The GC in git is pretty conservative and, while it can be triggered manually, still makes you jump through some hoops to actually get rid of something. Steve Klabnik wrote about it[1] a little while back.
In certain cases, you don't have access to the reflog because a change wasn't made locally. Perhaps someone screwed up a remote you pull from and it destroyed your history. You can, even still, find, view, and re-associate orphaned objects. Yeah, it's not terribly intuitive and, again, not a workflow anyone has probably committed to memory, but the fact that you can recover from a disaster of that magnitude is pretty amazing.
git provides we developers with a set of tools—powerful tools—and that comes with a level of responsibility. I'd rather have the ability to responsibly clean my history than the alternative.
[1] - http://words.steveklabnik.com/git-history-modification-and-l...
WTF?
What is the point of a version control system if you have to take backups of it to avoid losing data when performing certain operations?
I use git, I like git, but certain aspects of it are fundamentally broken.
Git IS safe, and ANYTHING involving changes to history can be undone without resorting to backups. Data loss can occur when you're mucking about with uncommitted changes, but that's a risk in most other version control systems as well.
[0]: http://jscal.es/2013/08/05/seriously-the-reflog-isnt-that-sc...
It's also definitely not true with uncommitted changes, including gitignored files.
Obviously, if you choose not to edit the history, then you never need to back up in this sense, and you're free to do that. But then you can't ever go back and change things (like remove accidentally committed passwords, etc.)
But if you choose to rewrite the history, and mess up, then you'll be glad you had a backup. And (in response to other comments), even if there are ways of still retrieving/fixing data, it's often easier to just restore from your backup, especially when you're trying out git commands for the first time, and you're not entirely sure if they'll work exactly how you expect. None of us are git experts from the beginning, and I've resorted to git backups numerous times when trying out a command for the first time, and then discovering it wasn't the right way.
Also, sometimes it's easier for a user to roll back to an older back up than to untangle the mess they have created.
Third, git itself is not a backup. When your repository gets corrupted, you're out-of-luck when you don't have backups for those files. So it's still good to take backups of your repositories.
Second, why would a version control system make it so difficult to roll back to an old version that it's easier to restore from backup? This is insane.
Third, I'm well aware of this, and of course you should be making backups of your git repositories (and everything else). But those backups should be there to protect against hardware failure and other external data-loss events, not protect against git itself.

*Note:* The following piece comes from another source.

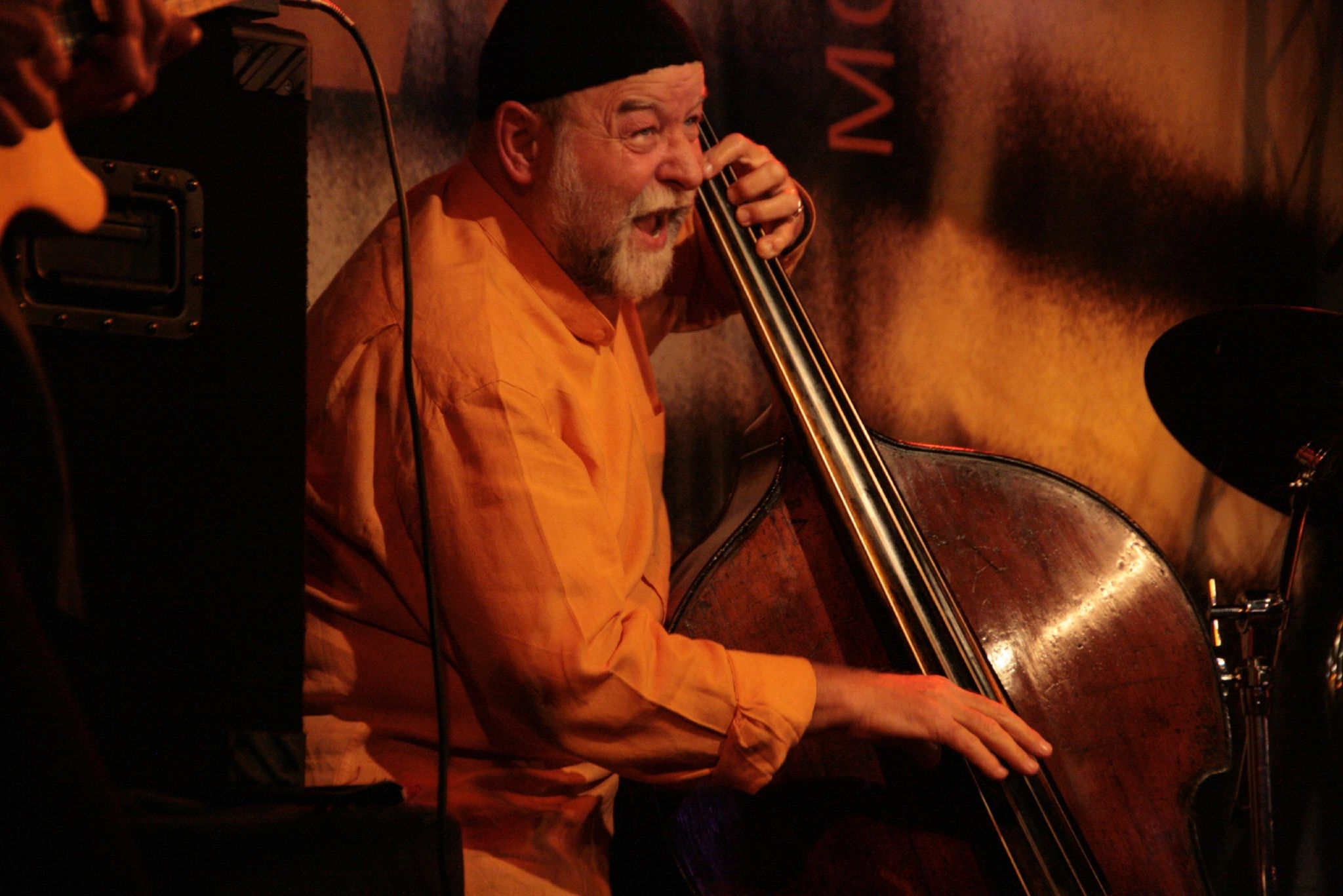 Henri Texier au New Morning, Paris, Mars 2007.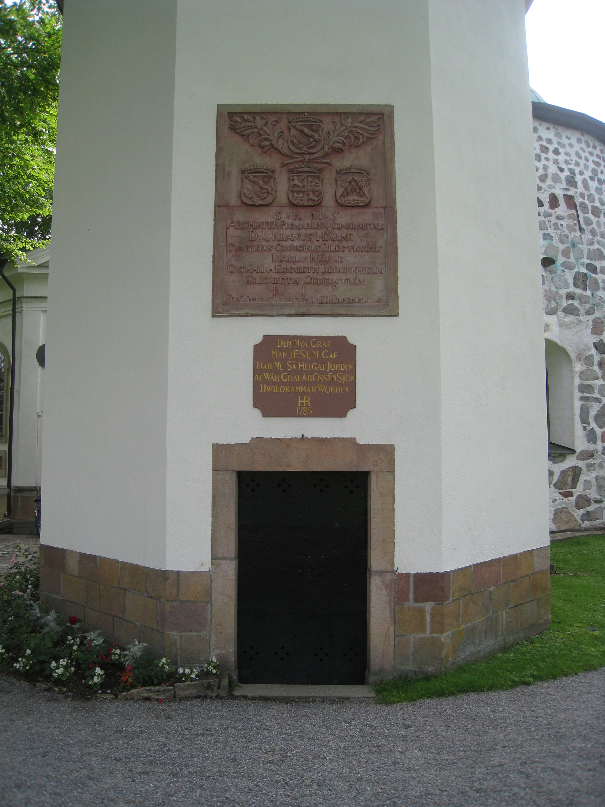 Bromma Church in Bromma Parish, Stockholm Municipality, Uppland. Picture of the burial chapel of the doctor and scientist Urban Hjärne (1641-1724). Above the doorway there is an iron memorial tablet for Urban Hjärne.

2) All version control systems are vulnerable to data loss if you mess around with them in unusual ways. Would you say svn was fundamentally broken if somebody told you to take a backup before you screwed around with the repo?
2) The difference is that svn does not build this functionality into the main command line tool, and there is no culture of doing terrible things with svnadmin to edit svn repositories the way there is of doing terrible things with git to rewrite git history.
The advise to take a backup doesn't hurt, and might be helpful if restoring the original state is more effort than doing it with git operations.
I'm thinking that the repository could be moved out of the working directory and placed in its own file that's not invisible. If the repo was reified into a visible file, then repos would be portable and you could ftp them. The backup functionality could be separated from the history-tracking functionality, so you could make backups freely without adding noise to the commit history. A backup would basically be a tarball that you could append to a repo file, taking advantage of previous entries for compression. Commits, however they were implemented, could reference snapshots, but they needn't be 1:1.
Symlinks are your friends.
> then repos would be portable and you could ftp them.
tar might come in handy.
> The backup functionality could be separated from the history-tracking functionality, so you could make backups freely without adding noise to the commit history. A backup would basically be a tarball that you could append to a repo file, taking advantage of previous entries for compression.
You can already do this. You can have commits without ancestors or descendants in your repository, and they will still benefit from delta compression.
If something has already gone wrong, and you didn't do it in a separate branch, you can still go back to a previous situation.
Rewriting history in any serious sense (beyond a local reset or rebase for stuff that hasn't been pushed to anyone else yet) is always a bad idea. History is history for a good reason.
Of course any existing commit can always be reverted; that's not rewriting history. A revert is simply a new commit.
I am sad about some of these other comments, which I might paraphrase as "This doesn't help me, and it might help people who are less skilled than me who don't deserve to be helped, therefore it's worthless". It's apparently a common sentiment on this site, but it shouldn't be.
And you can always make a branch out of a previous situation. Gitk/gitx make this particularly easy.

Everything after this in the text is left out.